Information supplied:
*** Block opens ***
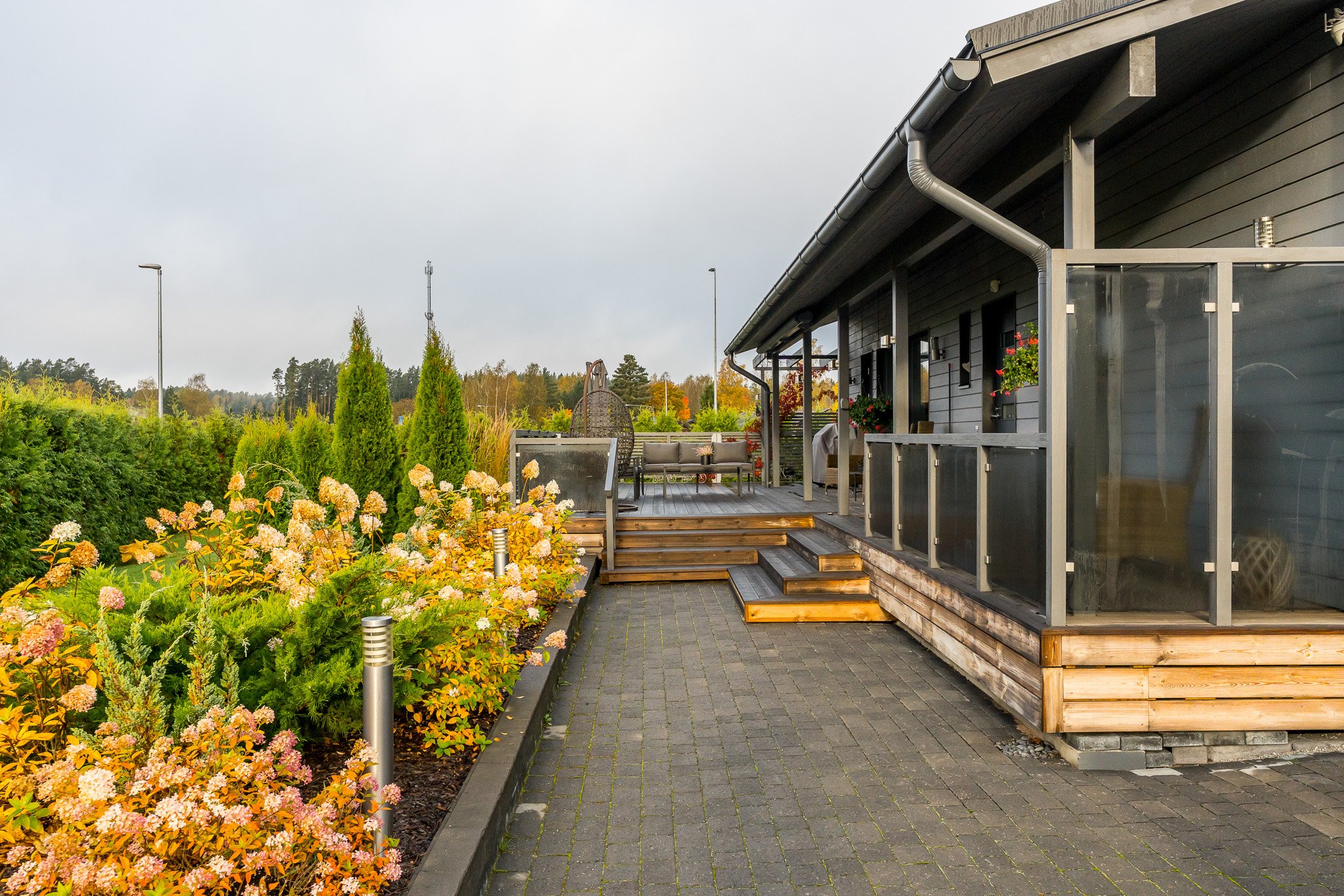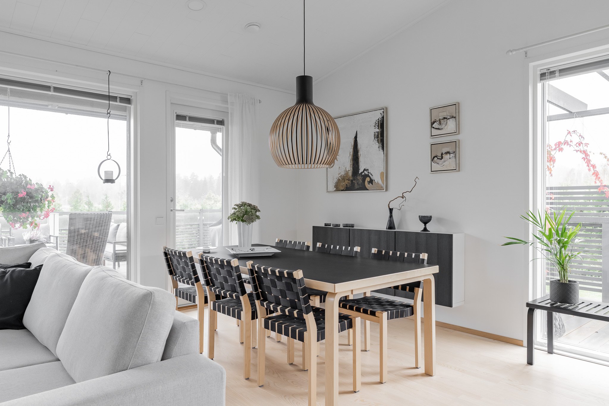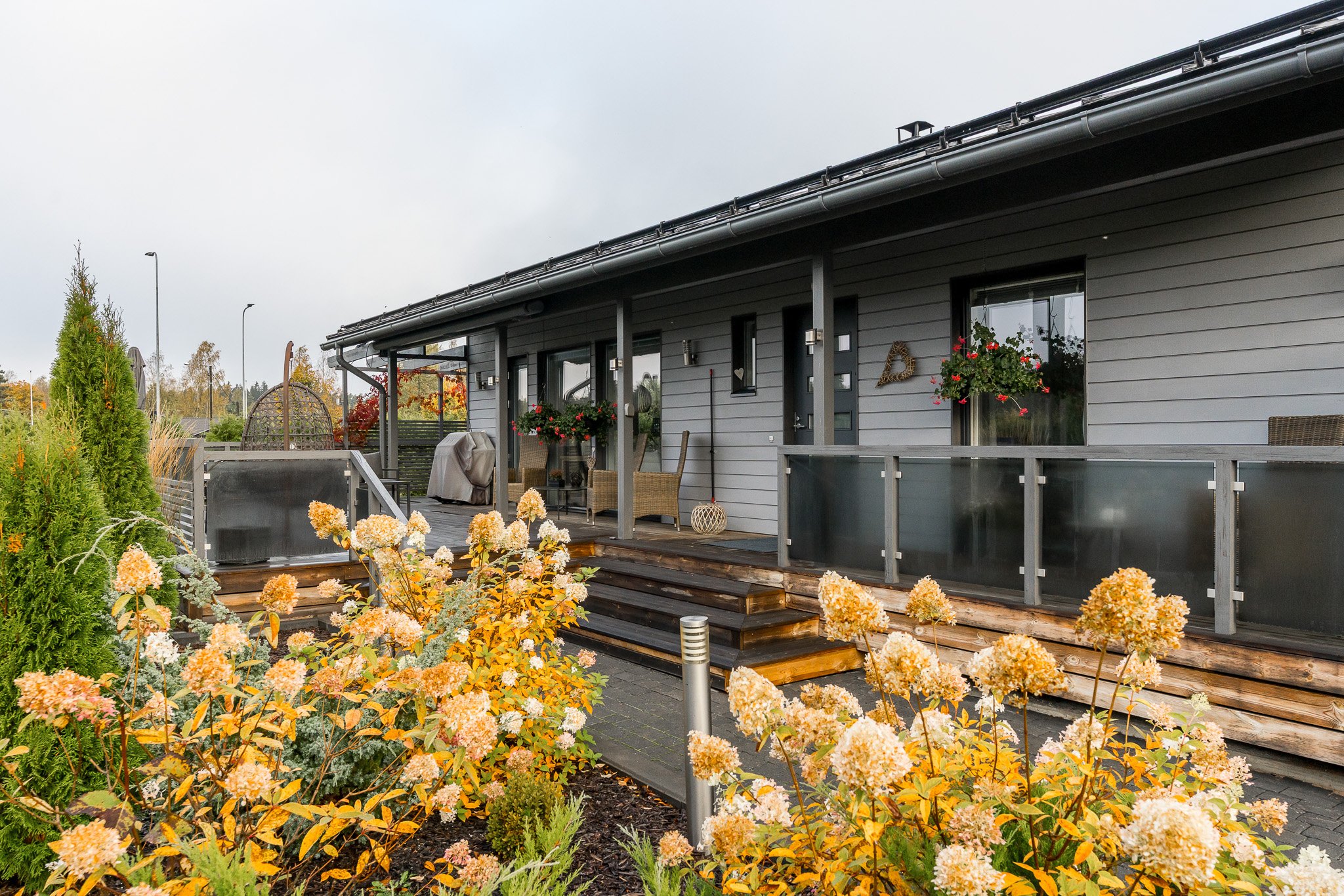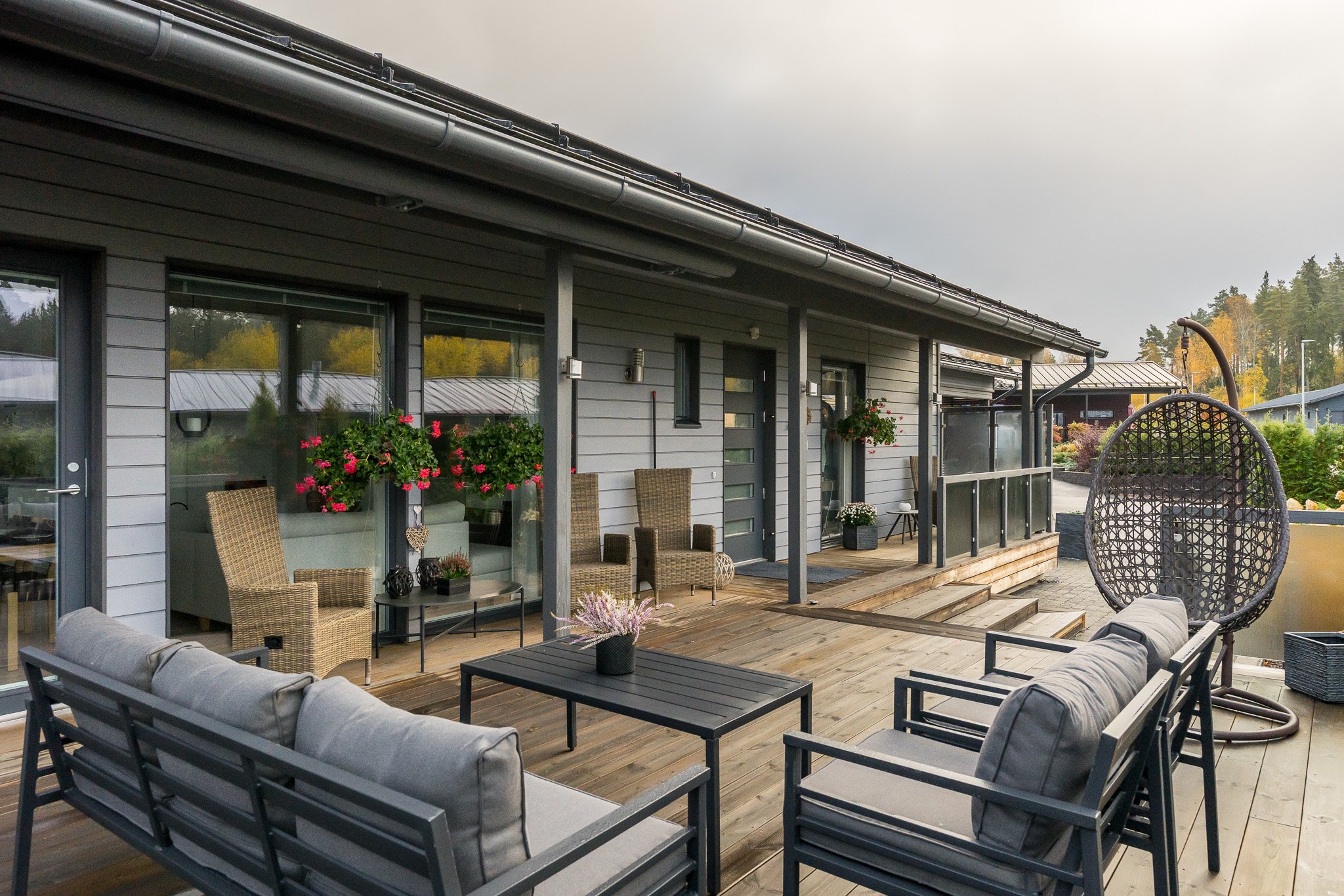 Talo on rakennettu kestävillä ratkaisuilla sekä viimeistelty tyylikkäästi kaikilta osin. Tarkkaan suunnitellun talon keskiössä ovat olleet suuret seurustelutilat sekä runsaan luonnonvalo määrän saavuttaminen sisätiloissa.
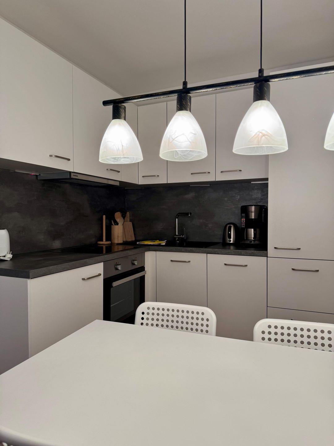 Für eine angenehme Selbstverpflegung ist die Küche modern und komplett ausgestattet. U.a. mit Ceran-Kochfeld, Kühlschrank mit Gefrierfach und Geschirrspüler. Zusätzlich gibt es einen Esstisch für vier Personen.
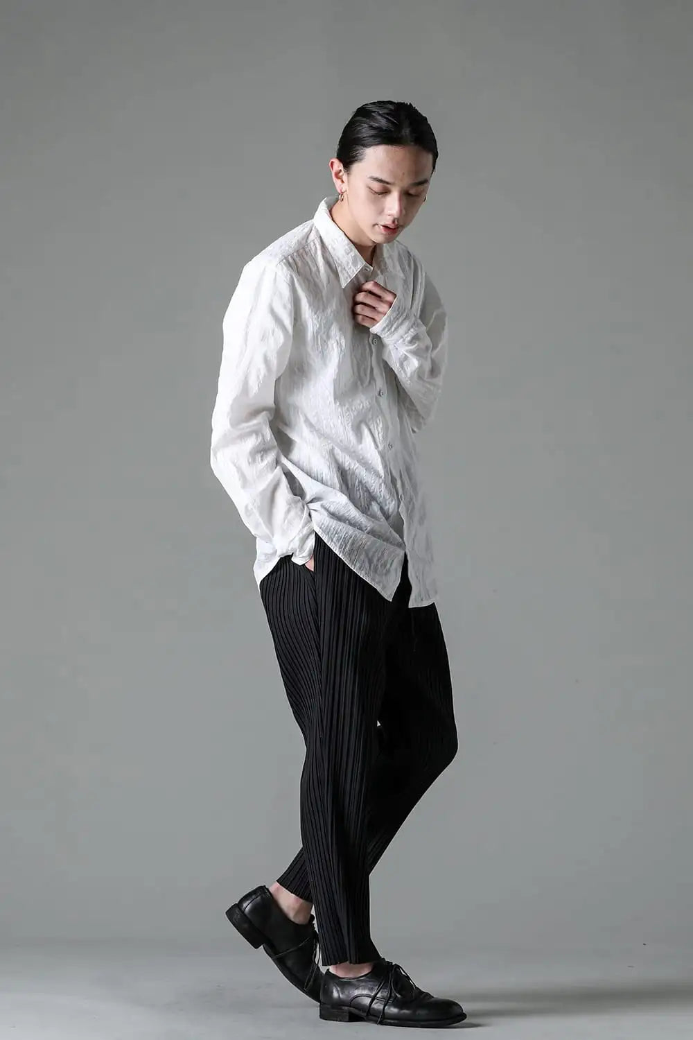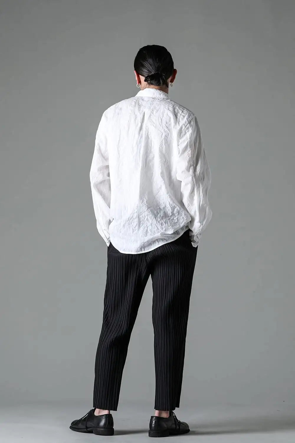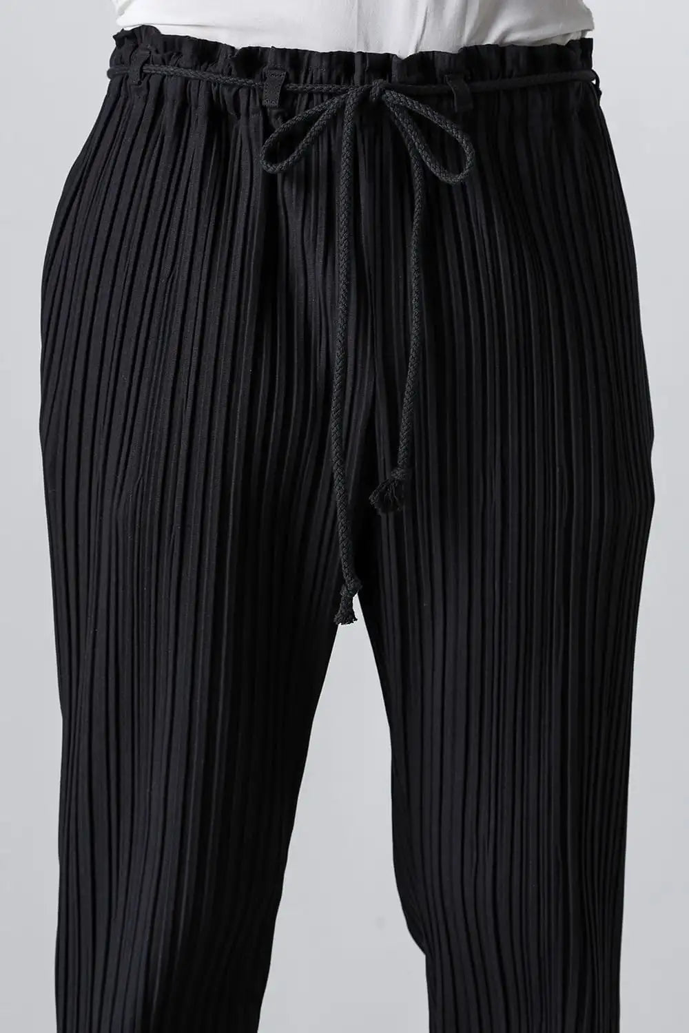 24SSの新型となるスリムシルエットのテーパードクロップドパンツ。 ウエストがゴムとドローコードのイージーパンツ仕様で非常に履きやすいパンツです。 和紙とコットンの生地に薄くコーティングを施し、特殊な処理によって形状記憶させたプリーツが特徴です。 このプリーツは水洗い洗濯でも取れにくく、長い間同じ風合いを楽しんでいただけます。
*** Block closes ***
Without including any pictures, set down word for word every line from the one containing "Für eine angenehme" through the last line of the material.

 Für eine angenehme Selbstverpflegung ist die Küche modern und komplett ausgestattet. U.a. mit Ceran-Kochfeld, Kühlschrank mit Gefrierfach und Geschirrspüler. Zusätzlich gibt es einen Esstisch für vier Personen.
 24SSの新型となるスリムシルエットのテーパードクロップドパンツ。 ウエストがゴムとドローコードのイージーパンツ仕様で非常に履きやすいパンツです。 和紙とコットンの生地に薄くコーティングを施し、特殊な処理によって形状記憶させたプリーツが特徴です。 このプリーツは水洗い洗濯でも取れにくく、長い間同じ風合いを楽しんでいただけます。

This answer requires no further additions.